Third Modification to Fifth Preferred Embodiment
[0127] The antenna device 5 according to the fifth preferred
embodiment can be also modified as illustrated in FIG. 27. The
conductor wires 31 and 32 may be provided on the upper surface of
the second insulating base 30, and ends of the conductor wires 31
and 32 may be connected to the electrode portions 31a and 32a,
respectively, via interlayer connection conductors 186. On the
upper surface of the insulating base 30, a resist layer 190 is
provided.
Fourth Modification to Fifth Preferred Embodiment
[0128] The antenna device 5 according to the fifth preferred
embodiment can be also modified as illustrated in FIG. 28. The
second insulating base 30 may be a laminate of base plates 30a and
30b. The conductor wires 31 and 32 are provided on the upper
surface of the base plate 30a. Ends of the conductor wires 31 and
are connected to the electrode portions 31a and 32a, respectively,
provided on the lower surface of the base plate 30a via interlayer
connection conductors 186, and the other ends of the conductor
wires 31 and 32 are connected to the terminals 31b and 32b,
respectively, provided on the upper surface of the base plate 30b
via interlayer connection conductors 185. The electrode portions
31a and 31b are connected to the first end 15a and the second end
15b, respectively, of the antenna pattern 15 via solder 40, and the
terminals 31b and 32b are connected to lands 171 on a printed
wiring board 170 via solder 175.
Sixth Preferred Embodiment
[0129] In an antenna device 6 according to a sixth preferred
embodiment, as illustrated in FIG. 29, the conductor wires 31 and
32 are arranged in the second insulating base portion B so as to
overlap with each other in the thickness direction (in a planar
view). Specifically, the conductor wire 31 is provided on the base
plate 30a, and the conductor wire 32 is provided on the base plate
30b. Further, a resist layer 190 is provided on the base plate 30b.
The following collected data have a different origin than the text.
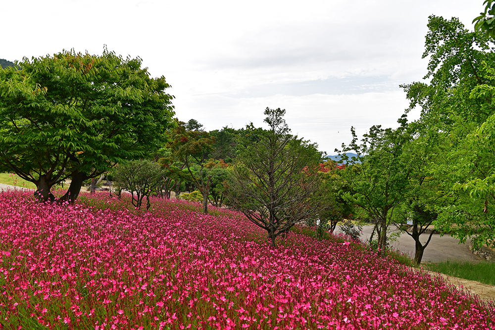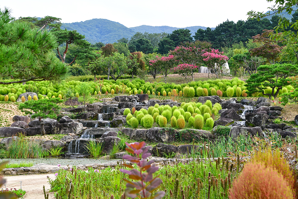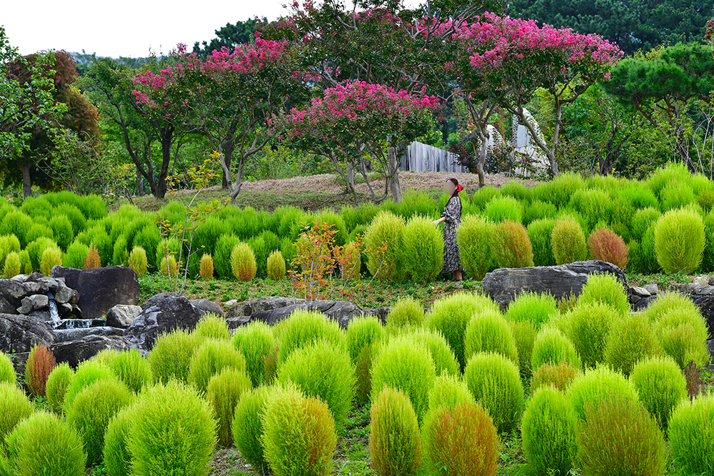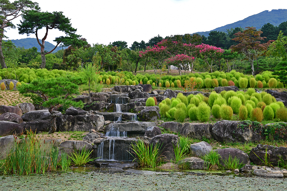 가우라꽃을 지난 댑싸리 군락지에 도착했습니다. 군락지 앞에 작은 연못이 있습니다. 특히 작은 폭포와 어우러진 모습이 너무도 아름답습니다. 게다가 붉은 배롱나무는 한폭의 동양화를 연상케합니다.
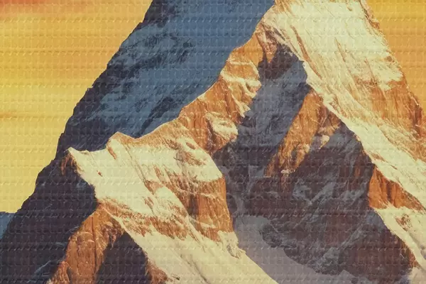 Obrázek Zasněžené hory a oranžová obloha Nr r40852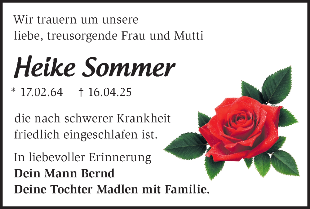 Hier finden Sie alle Traueranzeigen aus der Zeitung, die bisher für Heike Sommer erschienen sind. Weitere Traueranzeigen, die in der Zeitung erscheinen, werden hier ebenfalls aufgelistet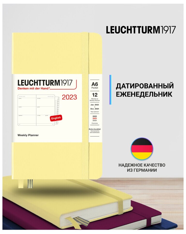 Еженедельник-планер Leuchtturm1917 Pocket A6 (9x15см.) датированный на 2023 год, 80г/м2 - 144стр., твердая обложка, цвет: ванильный интересное: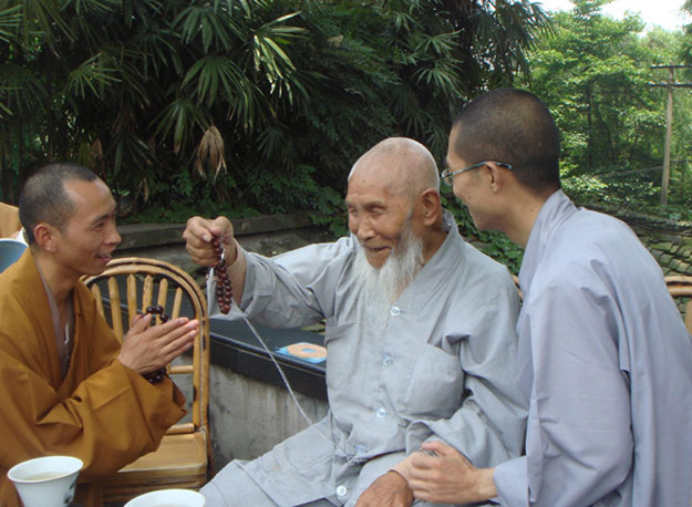 老和尚现在每天都要坐在峨眉山报国寺之佛像开光处,一面念佛,一面为有缘众生赠送念珠,并一一婆心劝诫:念佛、念佛,为众生种下成佛的往因,并深切地强调“念佛就能够成佛”!据统计,多年来他老人家赠送的念珠已达十万之数。

As illustrated in FIG. 30, an end of the conductor wire 31 is
connected to the electrode portion 31a provided on the lower
surface of the base plate 30a via an interlayer connection
conductor 186. An end of the conductor wire 32 is connected to the
electrode portion 32a provided on the lower surface of the base
plate 30a via an interlayer connection conductor although it is not
illustrated in FIG. 30. The other end of the conductor wire 31 is
connected to the terminal 31b provided on the upper surface of the
base plate 30b via an interlayer connection conductor 185 provided
in the base plate 30b.
[0130] The other portions of the sixth preferred embodiment
preferably have the same structure as the fifth preferred
embodiment and the modifications thereto. In the structure, as
described in connection with the fifth preferred embodiment, in the
outermost portion of the antenna pattern 15 and in the conductor
wire 31 located closest to the outermost portion of the antenna
pattern 15, currents flow in the same direction as indicated by
arrows f. Accordingly, there is no risk that a magnetic field
generated from the outermost portion of the antenna pattern 15 is
offset by a magnetic field generated from the conductor wire 31,
and degradation of the antenna characteristics is prevented.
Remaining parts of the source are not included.